In a message dated 6/18/2004 12:15:55 PM Pacific Standard Time, 
[EMAIL PROTECTED] writes:
12 heh? This makes for an interesting question. Can you remember the first SF 
you ever read, when, and what was it. Me: "Space Ship Under the Apple Tree" I 
haven't a qlue who the author was. I would guess I was about 7.

By the time I was 12 I had read every SF in the Detroit Public Library plus 
every one I could find on the news stands. It was easy to decide whether to 
buy 
one or not, "haven't read it, buy it". Now there are so many one could not 
read 
them all even if one had the money. And most of them are not SF anyway. To me 
heroic fantasy is barely SF, fairy tales are not.
--------------------------
No, not really -- re remembering first book. But I was fortunate in that my 
older brother had a whole bunch of Ace Doubles (now collector items, and, yes, 
I kept most of them). I do remember falling in love with Andre Norton's 
stories, which makes sense, because she originally wrote mainly for juveniles and a 
lot of her earlier books where about the thrill of space travel and planet 
discovery. But there were others I remembering liking as well, including, A.E. 

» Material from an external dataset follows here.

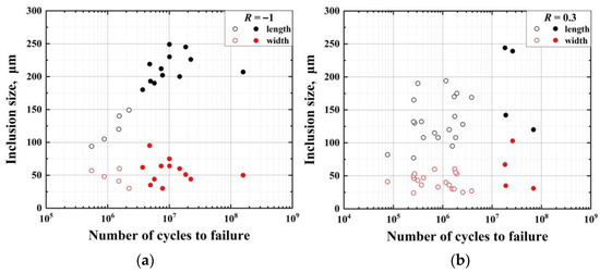 Relationship between inclusion size and fatigue life at (a) R = −1 and (b) R = 0.3. Hollow and solid symbols represent the locations of inclusion-inducing fatigue failure, hollow: surface; solid: interior.
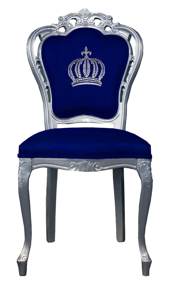 Der prachtvolle blau-silber farbene Luxus Barock Esszimmerstuhl ist ein absoluter Blickfang für jedes Esszimmer.

van Vogt and Clifford D. Simak. And others who were never famous and only wrote 
one or two books.

I don't like fantasy nearly as much. For me, the definition of fantasy is 
that what underpins the story is magic (hence undefinable and it usually has no 
consistent rules), and what underlies sci-fi is science -- whether good or bad 
science, it doesn't really matter to me. Although good science is definitely 
preferable. But I am no scientist and if they offer a reasonable premise for 
something like warp drive, say, I'll suspend disbelief and buy it.